The Autographa californica multiple nuclear polyhedron virus (AcMNPV) strain of baculovirus has a genome of 128 kb and normally infects the Lepidopteran alfalfa looper Autographa californica. The AcMNPV host cell line, Sf9, was derived from the ovaries of a Spodoptera frugiperda army worm.

Baculovirus expression systems are used to produce large quantities of recombinant proteins that can be purified using affinity chromatography. In this example, the cloned AMG gene has been inserted into a plasmid shuttle vector that carries the coding sequence for both the baculovirus essential gene ORF 1629, and the 3’ end of lacZ. In vivo recombination in Sf9 cells produces a viable virus that expresses both the AMG gene and the lacZ gene. Infectious virions are harvested from the media and used at a low multiplicity of infection (MOI) in Sf9 cells to isolate individual blue plaques (lacZ+) using agar plates. This baculovirus expression system, called MaxBac, is available commercially from Invitrogen.
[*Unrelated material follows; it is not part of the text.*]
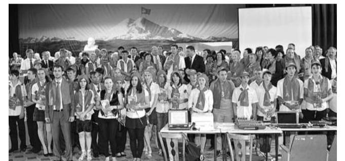
● НА ФОТО: ПАРТАКТИВ НА СЕМИНАРЕ-СОВЕЩАНИИ В ПЯТИГОРСКЕ

Как сообщает пресс-служба партии, эти слова участники семинара-совещания встретили аплодисментами. В зале, где проходило совещание, собралось, по утверждению пресс-службы, более 2 тысяч человек.

Baculovirus vectors are useful for the production of eukaryotic proteins because;

1) baculovirus expressed proteins are often fully active and soluble.

2) the viral genome is large and can accommodate cDNA inserts of up to 15 kb.
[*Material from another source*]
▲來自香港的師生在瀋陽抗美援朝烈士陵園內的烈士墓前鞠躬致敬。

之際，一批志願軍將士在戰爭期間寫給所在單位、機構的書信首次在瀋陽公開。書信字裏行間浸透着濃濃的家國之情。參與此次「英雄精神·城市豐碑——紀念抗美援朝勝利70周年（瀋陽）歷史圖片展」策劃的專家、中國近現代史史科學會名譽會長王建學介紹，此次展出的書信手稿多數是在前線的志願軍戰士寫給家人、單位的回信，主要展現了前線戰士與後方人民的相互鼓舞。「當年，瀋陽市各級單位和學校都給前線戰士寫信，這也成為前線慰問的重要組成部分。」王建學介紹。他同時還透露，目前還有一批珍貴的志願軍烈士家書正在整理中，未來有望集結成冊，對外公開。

3) functional multi-subunit protein complexes can be assembled in vivo and expressed at high levels by co-infecting cells with two or more recombinant viral stocks.

4) the virus has a very restricted host range and is therefore safe to handle and poses minimal environmental risk.

5) under optimal conditions, as much as 1-5 mg of protein can be produced per liter of infected cells.

Why is it important to use a regulated expression system to produce large amounts of recombinant protein in a strain of bacteria (or yeast), why not just use a strong constitutive promoter?



Why isn't it necessary to use regulated expression for high level production of recombinant proteins in the baculovirus system, i.e., how do bacterial and baculovirus systems differ with regard to gene induction?



Why is a recombination strategy required for the development of baculovirus producing SF9 cell line, why not just construct a complete viral vector similar to lambda phage or M13 cloning vectors and use it to infect SF9 cells?



What are the primary advantages and disadvantages of the baculovirus system for protein production?